В поствампиловской драме благодаря ординарности используемого жизненного материала — быта советского интеллигента, современного, плохо устроенного, — особое значение приобретает «словесный материал». Авторы 80-х годов противостоят тенденции отечественной литературы, которая связана с попытками создать далекую от реальности картину жизни.

Драматические персонажи «новой волны» заговорили на языке улицы. Не нарушая языковых табу, авторы вызвали у зрителя ощущение подлинности происходящего на сцене. Герои не вставали на театральные котурны, порой возникало ощущение случайно подслушанного диалога. Особенно тщательно «работала» с языком Л. Петрушевская, обвиненная критиками в том, что на сцене у нее звучит «магнитофонная правда».

В драматургии Л. Петрушевской, как и во всей «новой волне», существует определенная проблема героя. Человек предстает перед зрителем в пространстве своей частной жизни, в котором он может не играть привычную для него социальную роль, а быть самим собой. Но тут и обнаруживается противоречие, являющееся, с точки зрения драматургов 80-х годов, одним из важнейших в современности: человек не может быть собой, он не может стать чем-то большим, чем та роль, которую он играет в пространстве социальной жизни.

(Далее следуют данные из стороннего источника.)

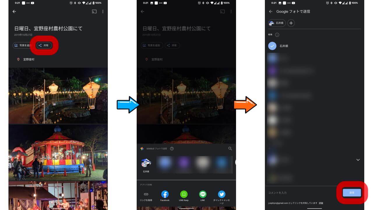 実際に共有する方法は、任意の共有アルバムを開いて共有アイコンをタッチし、[Google フォトで送信]部分に表示される Google アカウントユーザーの中から、共有するユーザーを選択します。そして[送信]をタッチしますが、コメントも同時に送信することが可能です。
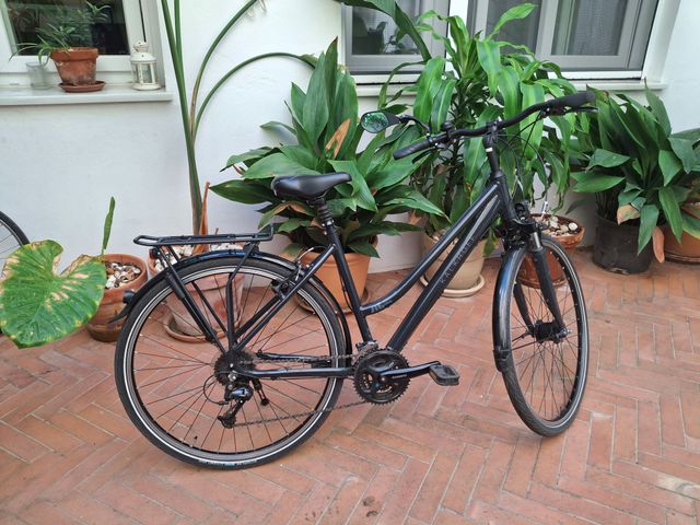 Fue un regalo de jubilación, apenas usada. Siempre ha dormido en un cuarto cerrado, sin exponerse al sol. Roces en las manetas de freno (ver foto), ha perdido el cubrecadenas. Por lo demás, impecable.
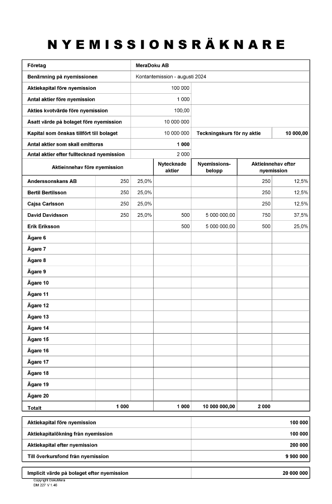 Produkter taggade med 'kalkyl Excel finansiering kapitaltillskott nyfinansiering kapitalisering Excel Spreadsheet file Excelmallar Nyemissionsräknare aktier nyemission börskursen'
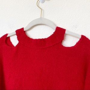 Stylish red crew neck sweater. Features a trendy shoulder cut-out. Soft and cozy material.
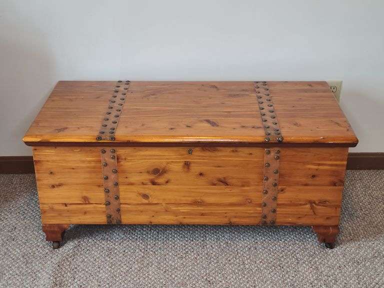 Cedar Chest made by Hill-Hoel Mfg. Co., Red Cedar Chest from South Bend, Indiana, measures approx. 42"Long x 20"Deep x 18"Tall on castors, it has copper bands across the chest
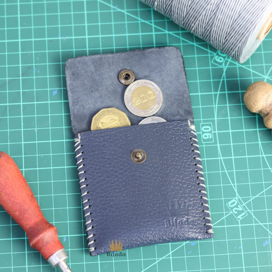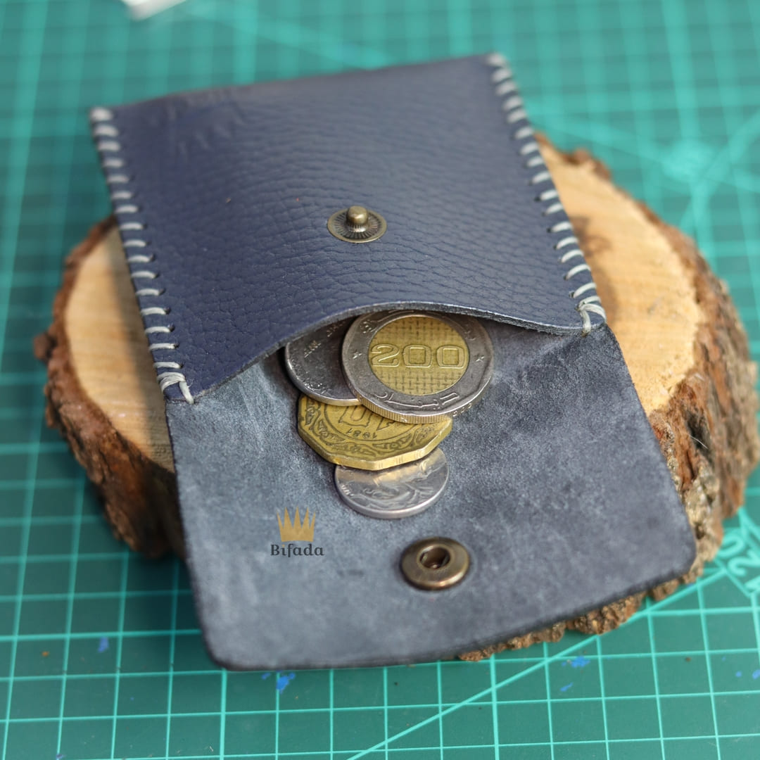 محفظة من الجلد الطبيعي لحمل النقود المعدنية أو البطاقات مصنوعة باليد (اللون الازرق) A
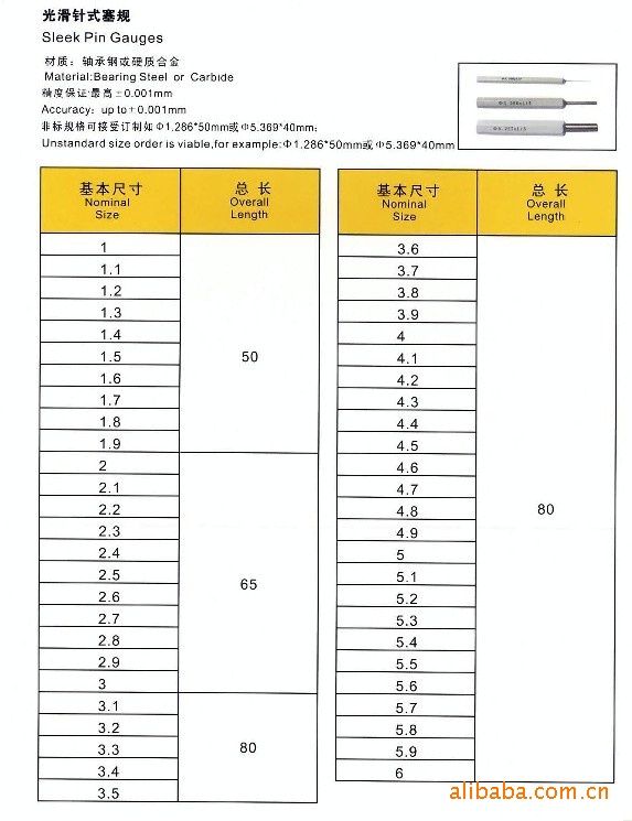 螺纹量规简介:1)螺纹量规用途:螺纹塞规用于综合检验内螺纹。螺纹环规用于综合检验外螺纹。2)螺纹量规检验:标准温度20°C、标准条件测力为零。螺纹塞规的单一中径用“三针法”,在万能测长仪上检测。螺距、半角、小径、间隙槽用万能工具显微镜检测。螺纹环规通端(T)用校对塞规TT、TZ检验;止端(Z)用校对塞规ZT、ZZ检验;螺距、半角用加工工具保证。3)主要技术指标:材料-GCr15;硬度≤3mmHRC53-60,>3mmHRC58-65。4)螺纹量规使用:A.生产车间使用新的或磨损较少的通端螺纹量规和磨损接近磨损极限的止端螺纹量规;验收部门使用接近磨损极限的通端螺纹量规和新的或磨损较少的止端螺纹量规。B.判断工作螺纹合格的螺纹量规符合所属标准,则该工作螺纹合格。C.没有其它协议,螺纹环规的验收以校对螺纹量规为准,并遵守A、B条规定。二、光面量规简介:光面量规用途:光面环规分为校对光面环规和极限光面规。校对光面环规一般采用划线定位测校,是内径长度计量的基准;用于校正或检验内径测量仪器和量具。极限光面环规分为通端和止端;用于综合测量光面圆柱工件。光面塞规(针规)用于对孔进行综合测量。我公司销售的主要标准有:1、M公制螺纹量规2、UN美标螺纹量规3、BS英标螺纹量规4、SM缝纫机螺纹量规5、G直管螺纹量规6、NPSM美标螺纹量规7、RB新标锥管螺纹量规8、PT日标锥管螺纹量规9、RP德标锥管螺纹量规10、双头光面塞规11、光面环规12、MT莫氏锥度量规13、7:24锥度量规14、销式塞(针)规
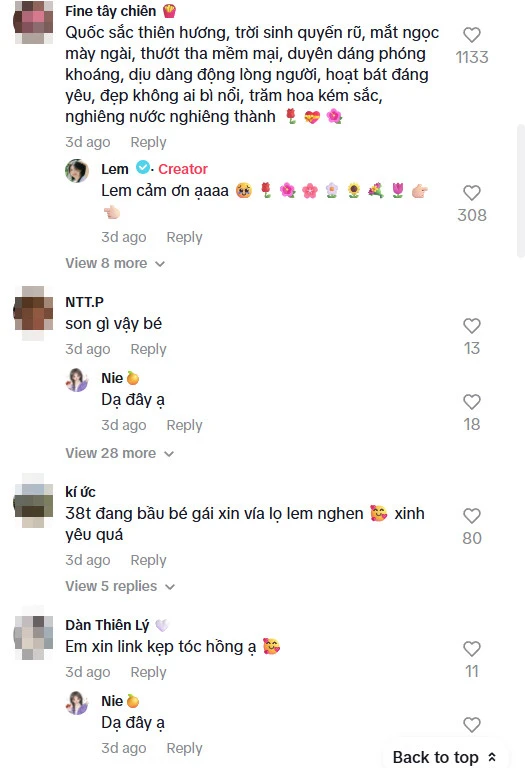 Điều đáng chú ý, Lọ Lem không chỉ được chú ý nhờ ngoại hình mà còn nhờ cách cô cư xử và tương tác với người hâm mộ. Sự lễ phép, thân thiện trong mỗi phản hồi bình luận đã giúp cô ghi điểm trong mắt netizen, tạo nên hình ảnh một cô gái vừa năng động, vừa tinh tế. Nhờ đó, Lọ Lem được xem là một trong những "tiểu hoa hậu mạng xã hội" nhờ vẻ đẹp tự nhiên và cách ứng xử thông minh.
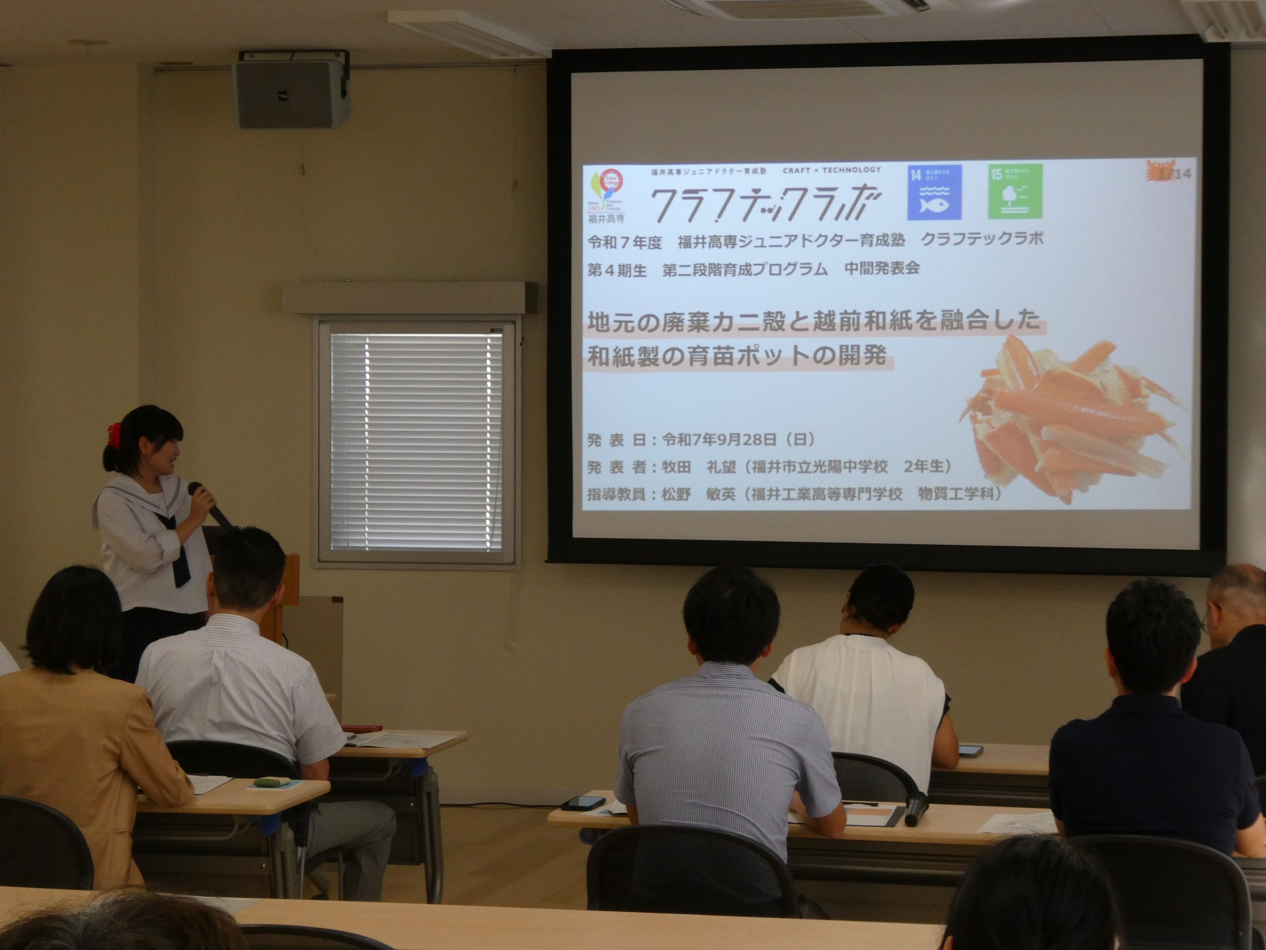 令和7年9月28日(日)、福井高専クラフテックラボ第4期生による第2段階の中間発表会が開催されました。本発表会では、
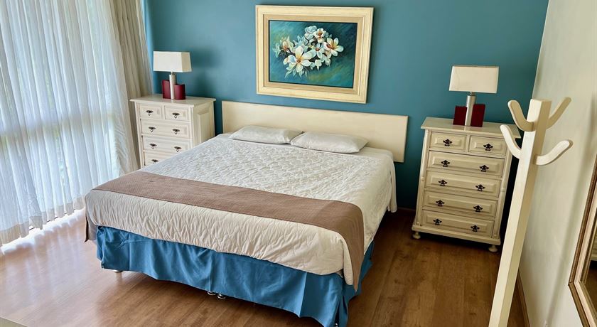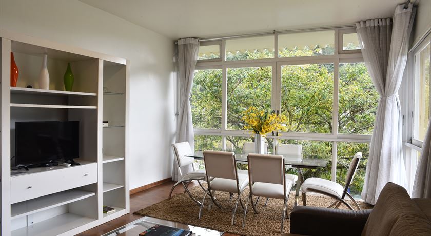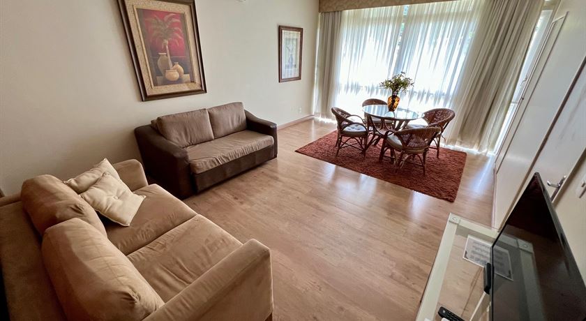 Sala com 01 sofá bibox, ar condicionado, cofre eletrônico, TV via satélite e telefone. Capacidade máxima de 04 pessoas. Enxoval completo de cama e banho e amenities (sabonete, xampu e condicionador).Possui acesso por escadas cerca de 60 degraus e possibilidade de estacionar carro de passeio próximo a acomodação.
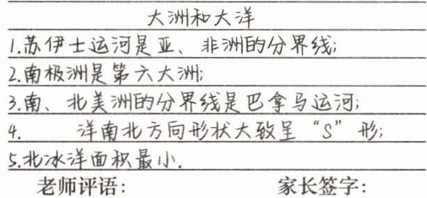 [新考法 情境创设]学习了《世界海陆分布》一节后,李丽做了笔记(如下图所示),她的笔记有一处错误和一处遗漏。据此完成 3~4 题。
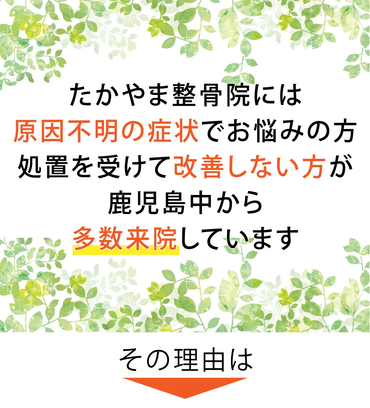 そのため改善を求めて鹿児島中から当院に来る方が多数いらっしゃり、そして悩みから解放されています。
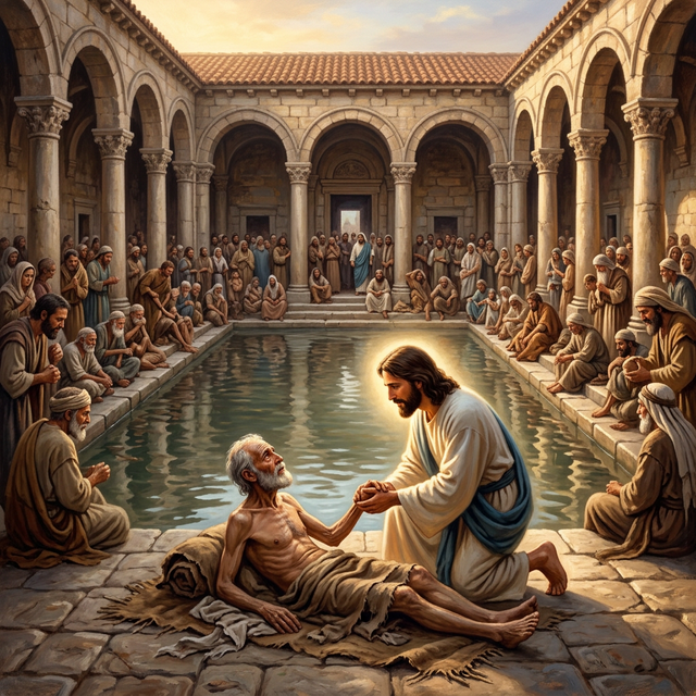 耶穌在耶路撒冷過節,祂大可以去富麗堂皇的聖殿,但祂卻繞道來到了這個充滿屎尿臭味、充滿絕望呻吟的畢士大池。
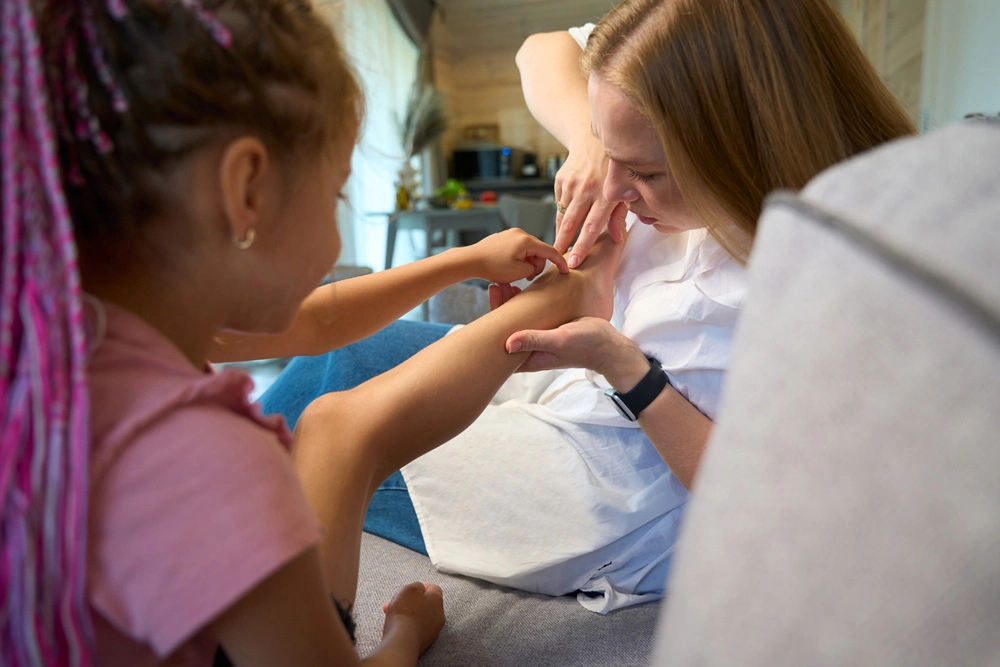 Первое и самое важное — сохраняйте спокойствие. Паника только усилит тревогу ребёнка. Опуститесь на его уровень, говорите мягким успокаивающим голосом. Теперь внимательно осмотрите пострадавшую область. Ниже перечисляем, на что нужно обратить внимание.
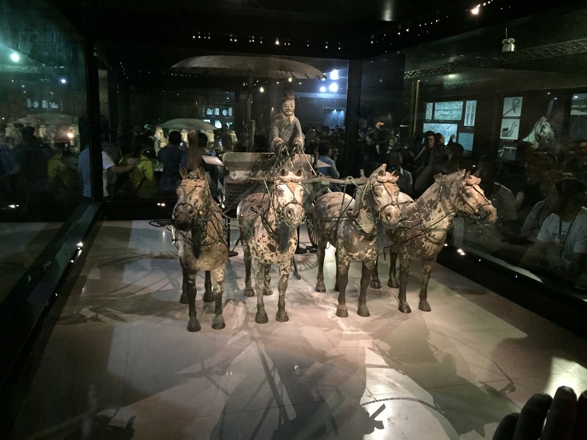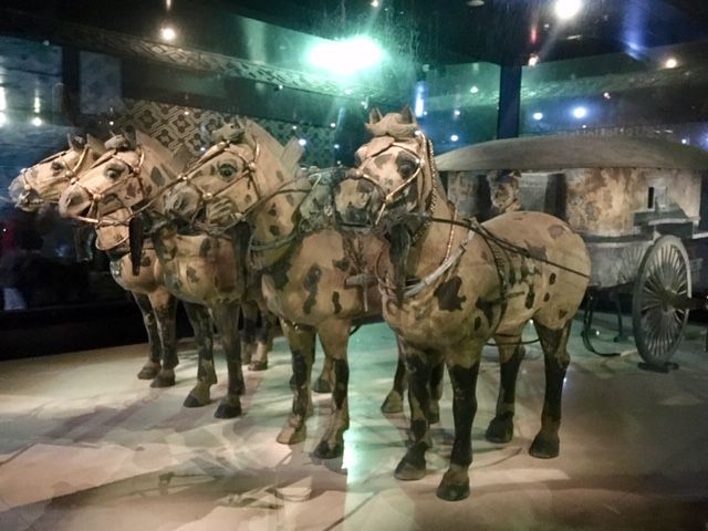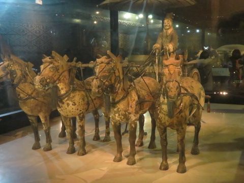 次に兵馬俑館を訪問しました。ここは1、2、3号坑及び馬車青銅博物館に分かれており、順番に回ることになっていましたが、VIPの訪問があり2号坑が一時的に閉鎖になっておりました。そこでガイドさんの機転で3号坑、場所青銅博物館を先に見学し、2号坑を最後に回ることにしました。この機転がなければそれぞれの場所で待機することになり見学時間が大きくオーバーすることになったと思います。1号坑のスケールの大きさも感嘆に値しますが、2号坑の兵士俑及び青銅の馬車は近くで見ることが出来、紀元前にこのような詳細なものが作成されていたと言うことで、その文明のレベルの高さに驚きました。この青銅の馬車は現在の技術でも作成出来ないようです。(事前に読んだ本によると、特に異金属間の溶接技術が非常に高い)
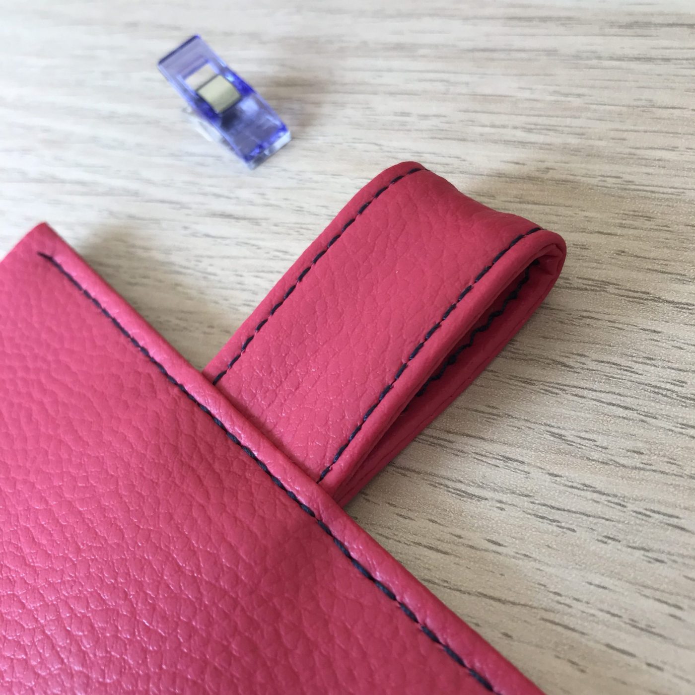 J’ai donc décidé de corser un peu les choses en utilisant 10 couches d’un simili que j’adore (le simili-cuir club fauve effet cuir de la Mercerie des Créateurs), à la fois épais mais un peu souple et élastique donc aïe aïe aïe !!! Et devinez quoi, elle a une fois de plus avalé les épaisseurs comme une lettre à la poste !

По сути дела, была возрождена классическая коллизия, позволившая русской литературе XIX века открыть трагедию «маленького человека». Но в конце XX века в роли «маленького человека» вдруг предстал интеллигент, который, как казалось, должен отличаться способностью к рефлексии, стремлением быть собой, а не кем-то казаться. Сталкиваясь с героями, например, Л. Петрушевской, зритель и не вспоминает об интеллигентах рубежа XIX—XX веков, поскольку персонажи современного драматурга лишены способности жить напряженной внутренней жизнью, которая порой может существовать помимо механически производимых на сцене действий героя.

В ситуации поглощенности человека повседневными бытовыми заботами особую роль начинает играть слово, произнесенное персонажем на сцене. Своим содержанием это слово и моделирует бытовую ситуацию, которая очень часто бывает ситуацией ссоры, склоки.

Но одновременно используются скрытые ресурсы слова, причем далеко не только этимологические. По мнению Р. Тименчика, в пьесах автора «поствампиловской» драмы читатель встречается с целым «лингвистическим континентом» со своим словарем, синтаксисом, стилистикой. В нем собственная иерархия ценностей, там фамильярничают со всем, что «попахивает официальным». «Подрывание основ, хранение, распространение, тенденциозная подборка и прочее и прочее здесь заложены в самом языке» [8, с. 369].

Особую работу со словом, которую проделывает драматург, заметил и А. Смелянский: «Возникает искуснейшая речевая ткань, в которой штампы не только заслоняют человека, но как бы впервые приоткрывают его сокровенную суть» [6, с. 207].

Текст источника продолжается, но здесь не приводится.